Friday, March 2, 2012

Oven-baked artichoke and tomato risotto with basil


I've been told this morning that some people in this country lit fires this morning because it was so cold.

I cannot believe it. I was teaching a class at 8am today and the classroom didn't have aircon. It was like living in 1952, with fans blaring and me shouting to be heard over the top of them. I was ... er... "glowing", and regretting leaving my hair down today. It is so long and big it should have its own area code. People have mistaken it for a blanket at times.

However, as I'm reliably informed, autumn is here and SOME people are cold. Perfect time to put the oven on and bake a lovely risotto that gets silky and creamy with little attention from us. Ok, those of us who don't have thermomixes, anyway.
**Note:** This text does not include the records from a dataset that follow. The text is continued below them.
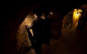 Judeus ultra ortodoxos rezam em túnel do Muro das Lamentações na cidade Antiga de Jerusalem.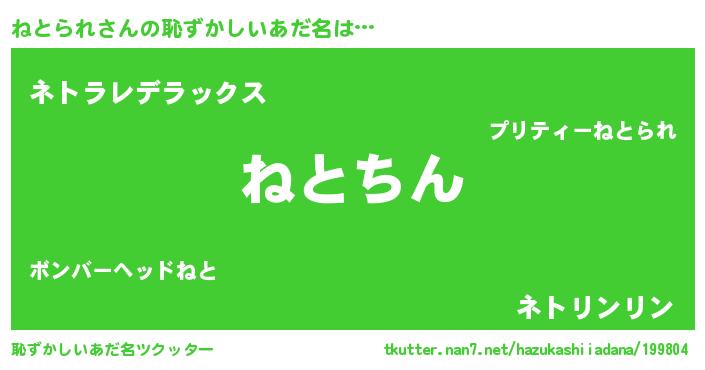 | 意味不明あだ名 | 『永久保存ねとられ』『自称ねとられ』 |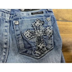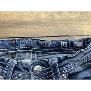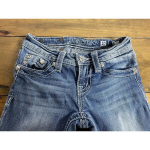 Elevate your little girl's wardrobe with these trendy Miss Me capri jeans. The medium wash denim with light fading is accented with stylish cross-stitching and embroidered accents for a unique touch. The low-rise fit and regular cut make them perfect for casual occasions, while the zip closure and pockets add functional flair. Made from a comfortable blend of spandex, cotton, and cotton blend, these jeans are suitable for all seasons. These jeans are a must-have for girls who love to rock a trendy and stylish look.pre owned good condition we ship fast measurements are in the pictures

I wasn't convinced a baked risotto would be as good as an original, because it really is the stirring that makes it so delicious. But I was lazy, and time-poor and gave it a shot and I'm pleased to say it works. The rice grains do disintegrate a little more than usual (could just be me, leaving it in there for so long), but I found that if I gave it a good stir, almost like a beating, when I took it out of the oven and added the cheese, it went from a stodgy mess to a creamy concoction. Much better. It helps to add water or stock at this time to help loosen it and ensure you've not got sticky lumps of goo instead of smooth risotto. It should ooze when you put it on the plate, not sit there all moulded into cute shapes or blobs. No siree, blob!

Ingredients:
1 onion, diced
2 cloves garlic, minced
400g risotto rice
100ml white wine
1 litre stock
1 cup grated fresh parmesan
1 can artichokes, quartered,
2 fresh tomatoes, diced
handful fresh basil leaves
salt
pepper

Directions:

1. In an oven-safe lidded casserole, saute onion and garlic gently in butter and olive oil until translucent.

2. Add rice, wine, and stock. Put lid on and place in a pre-heated 180C oven.

3. Bake for 30-40 mins. You can stir in intervals if you want, but I didn't bother.

4. Remove when risotto is soft and cooked to your liking. With a wooden spoon, beat the risotto until it loosens and becomes smooth. You may need some water or extra stock.

5. Add artichokes, tomatoes and parmesan. Check for seasoning.

6. Tear some basil over the top and mix. Serve with extra parmesan and basil on top.

3 comments:

  1. Yum, Saturday night dinner, sorted. Ps It is Freezing here, like 18 degrees freezing. I need to move up North.

    ReplyDelete
  2. WHAT? What is going on in that place? Didn't you even have summer?